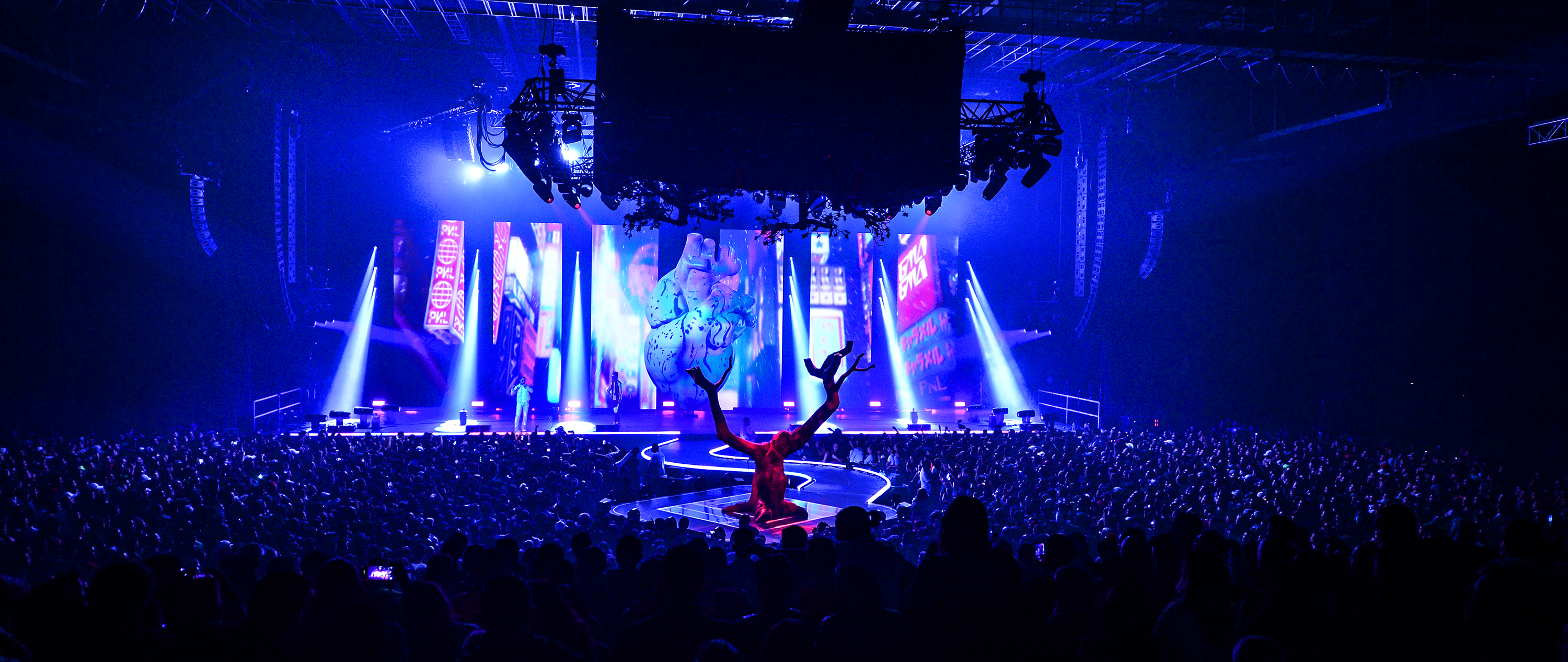 During their 2017 tour in France's biggest cinemas, the French rap group PNL set on fire with a colossal scenography
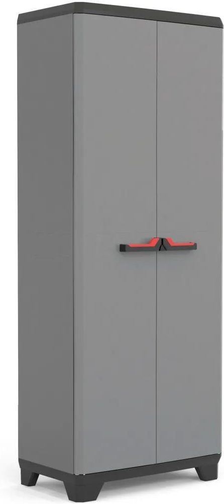 Keter Stilo High, szafa z tworzywa sztucznego Wysoka szafa Stilo została zaprojektowana z myślą o najbardziej wymagających użytkownikach, łącząc funkcjonalność z nowoczesnym designem. To idealne rozwiązanie dla osób, które potrzebują dodatkowego miejsca na przechowywanie w pomieszczeniach gospodarczych, garażu, warsztacie, na balkonie czy tarasie. Dzięki wytrzymałej konstrukcji wykonanej z polipropylenu, szafa charakteryzuje się podwyższoną odpornością na uszkodzenia mechaniczne i wpływ niekorzystnych warunków atmosferycznych. Wymiary Szerokość - 68 cm Głębokość - 39 cm Wysokość - 173 cm Ilość półek - 3 szt Ładowność - 15 kg / 1 półka Cechy produktu Wytrzymała konstrukcja – Wykonana z wysokiej jakości tworzywa sztucznego (polipropylen), odpornego na działanie czynników atmosferycznych i mechanicznych. 3 regulowane półki – Możliwość regulacji wysokości półek pozwala na dostosowanie przestrzeni do własnych potrzeb. Każda półka wytrzymuje obciążenie do 15 kg. Podwójne drzwi z ergonomicznymi uchwytami – Ułatwiają wygodne otwieranie i zamykanie szafy. Możliwość zamknięcia na kłódkę dla dodatkowego bezpieczeństwa (kłódka nie dołączona). Regulowane nóżki – Pozwalają ustawić szafę nawet na nierównej powierzchni, co zwiększa jej stabilność. Łatwość utrzymania czystości – Konstrukcja szafy jest łatwa w czyszczeniu, co pozwala utrzymać ją w idealnym stanie przez długi czas. Wszechstronne zastosowanie – Szafa Stilo sprawdzi się nie tylko w garażu czy warsztacie, ale także jako dodatkowe miejsce do przechowywania na balkonie czy w innych pomieszczeniach gospodarczych. Łatwy montaż – Produkt jest przeznaczony do samodzielnego montażu, co czyni instalację szybkim i prostym procesem. Dlaczego warto wybrać szafę Stilo? Szafa Stilo to połączenie funkcjonalności, wytrzymałości i nowoczesnego designu. Jej wszechstronność sprawia, że znajdzie zastosowanie w wielu miejscach, od pomieszczeń gospodarczych po zewnętrzne przestrzenie jak balkon czy taras. Regulowane półki i nóżki, a także możliwość zamknięcia na kłódkę, zapewniają maksymalną elastyczność i bezpieczeństwo przechowywania przedmiotów.
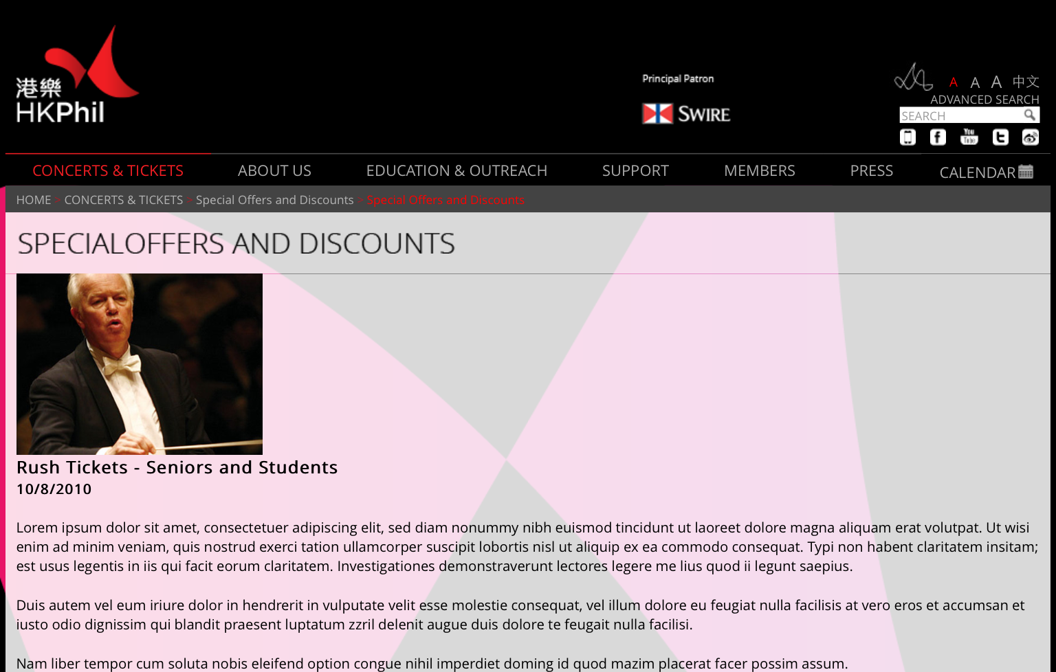 經濟學上有所謂「需求定律」,指價格與需求乃是反比關係,因此減價理論上能夠促銷。香港管弦樂團四月起開始推出即日特惠票(rush tickets),僅在其Facebook粉絲專頁公佈:在其官網搜尋「rush tickets」,只連到這個Lorem ipsum頁面,而搜尋「即日」則沒有結果。
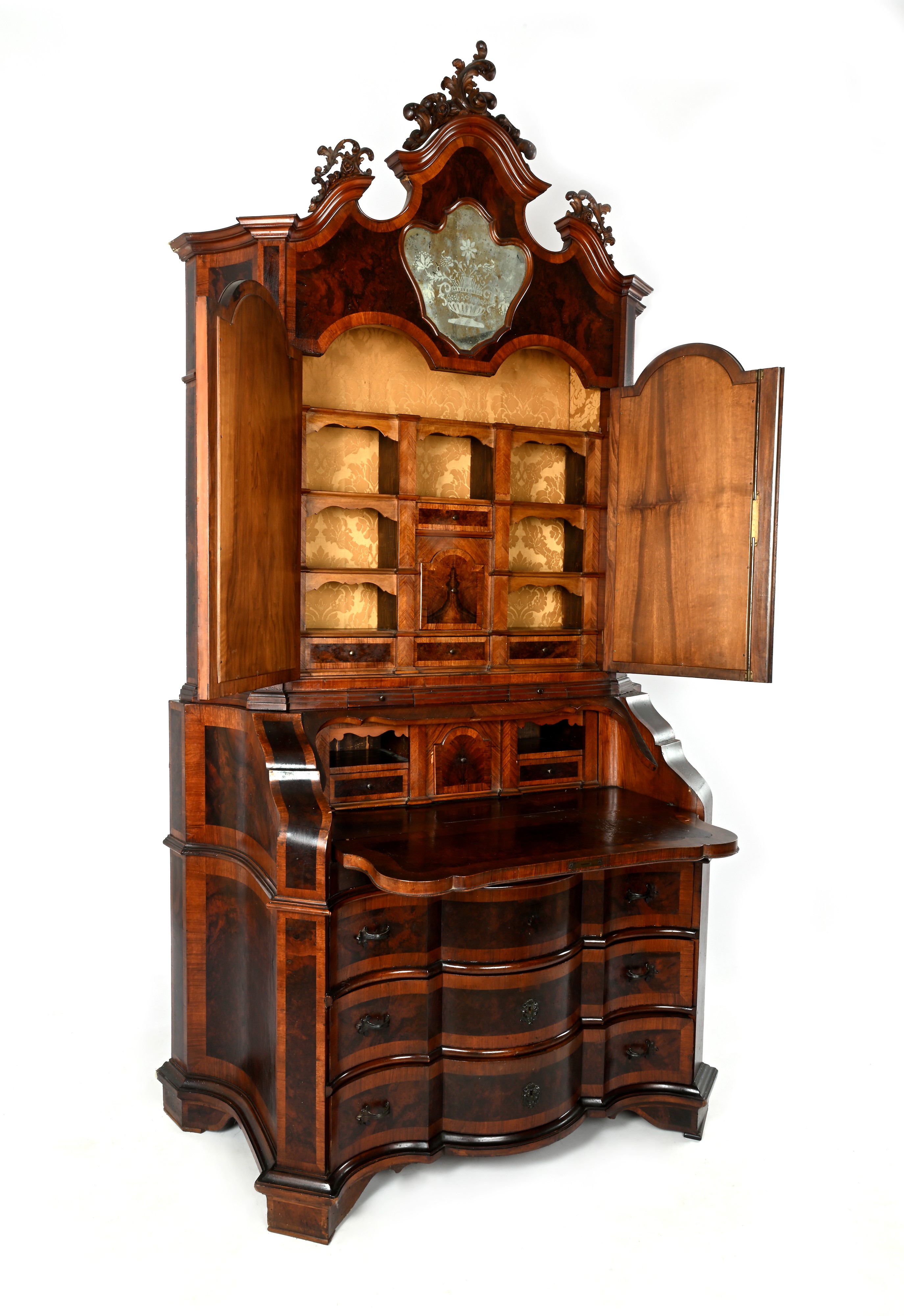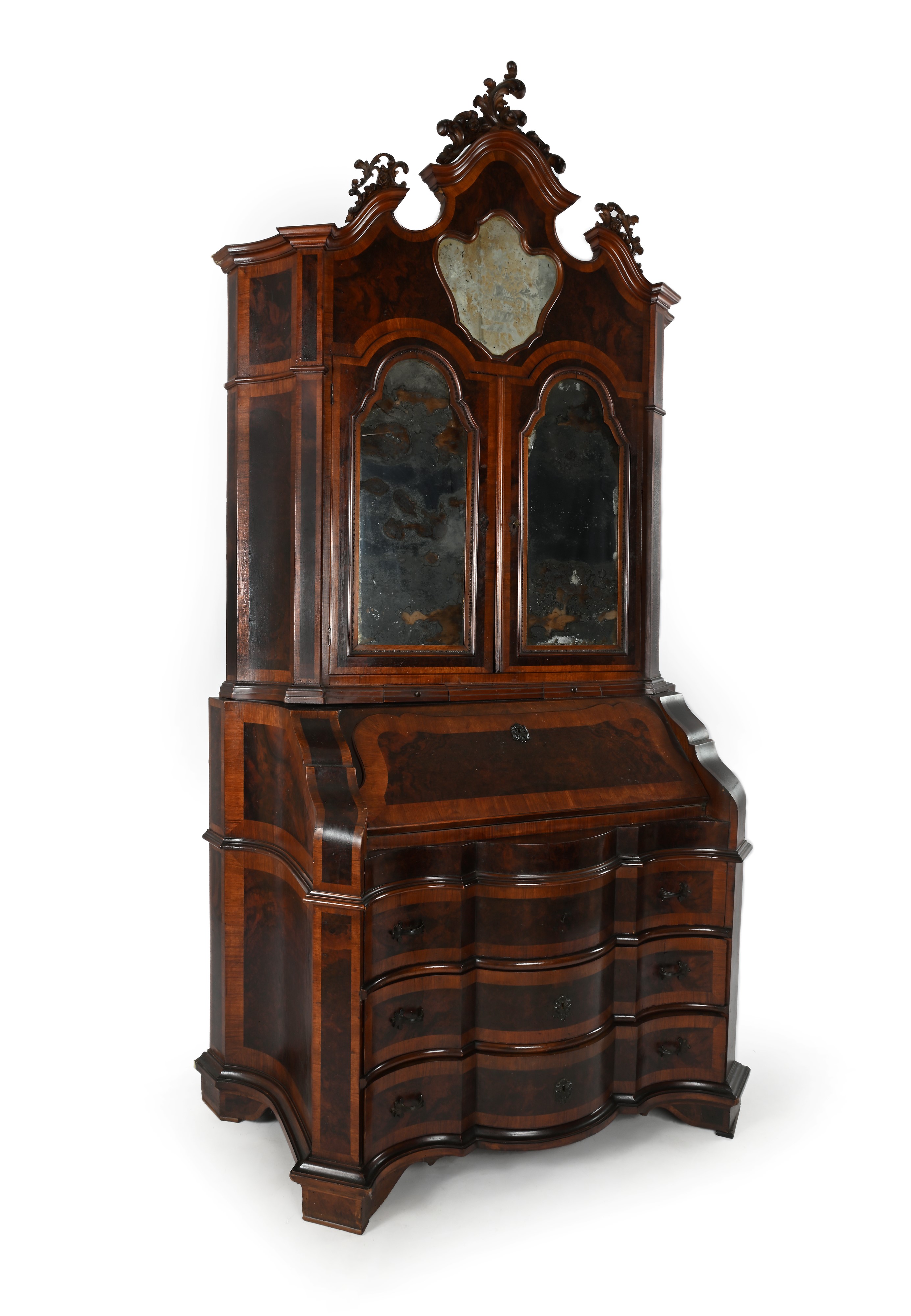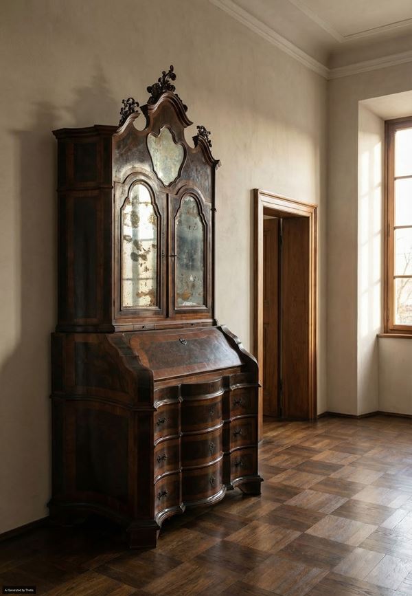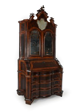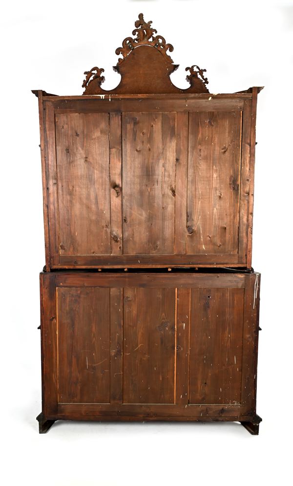 corpo superiore con cimasa centinata a specchio sormontata da un fregio intagliato a motivi vegetali e due ante con tablettes estraibili; corpo inferiore di linea trapezoidale con facciata sagomata suddivisa in tre cassetti e ribalta con all'interno ripiano con porzione mediana scorrevole e antina centrale centinata affiancata da un vano con tiretto sottostante simmetricamente disposti ai lati, delimitati da lesene estraibili a celare scomparti segreti; piedi a mensola. Difetti
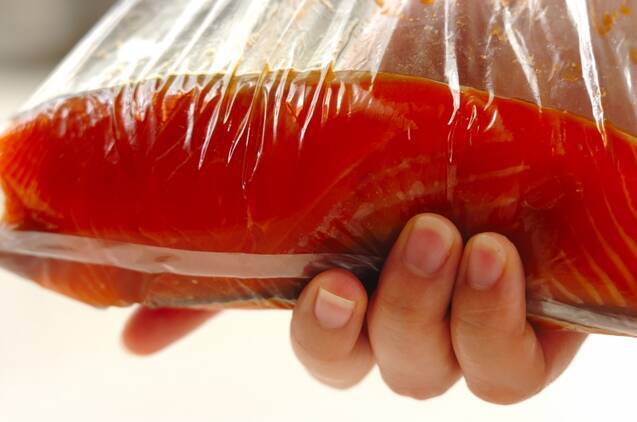 抗菌袋に生鮭、酒、しょうゆを入れて軽くもみ込み、口を閉じて10分程置く。貝われ菜は根元を切り落とし、長さを2等分に切る。
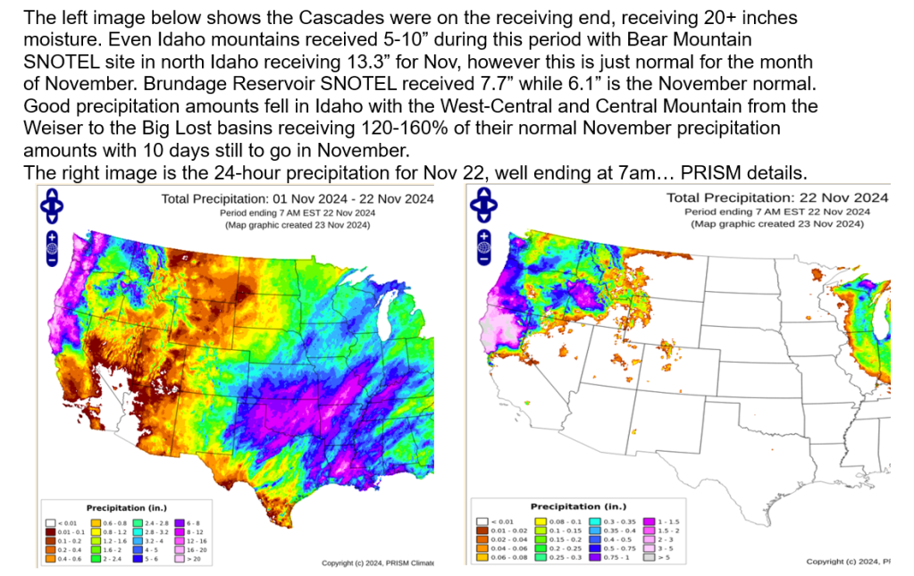 With hurricane strength winds, very low pressure, 20+ inches of precipitation, and snowfall measured in feet, you can call it what you want, bomb cycle, typhoon, hurricane, but the Category 4 Atmospheric River (AR), is just want we needed. Let’s look at the big picture – the hydro conditions before the storm and where we are now that the stage is set, and dinner is being served.

▶ _About this exercise_:
When you reach the line with "corpo superiore con" in the records above, begin repeating the lines exactly, and stop after the line with "抗菌袋に生鮭、酒、しょうゆを". Skip all pictures.

▶ _Solution for this problem_:
 corpo superiore con cimasa centinata a specchio sormontata da un fregio intagliato a motivi vegetali e due ante con tablettes estraibili; corpo inferiore di linea trapezoidale con facciata sagomata suddivisa in tre cassetti e ribalta con all'interno ripiano con porzione mediana scorrevole e antina centrale centinata affiancata da un vano con tiretto sottostante simmetricamente disposti ai lati, delimitati da lesene estraibili a celare scomparti segreti; piedi a mensola. Difetti
 抗菌袋に生鮭、酒、しょうゆを入れて軽くもみ込み、口を閉じて10分程置く。貝われ菜は根元を切り落とし、長さを2等分に切る。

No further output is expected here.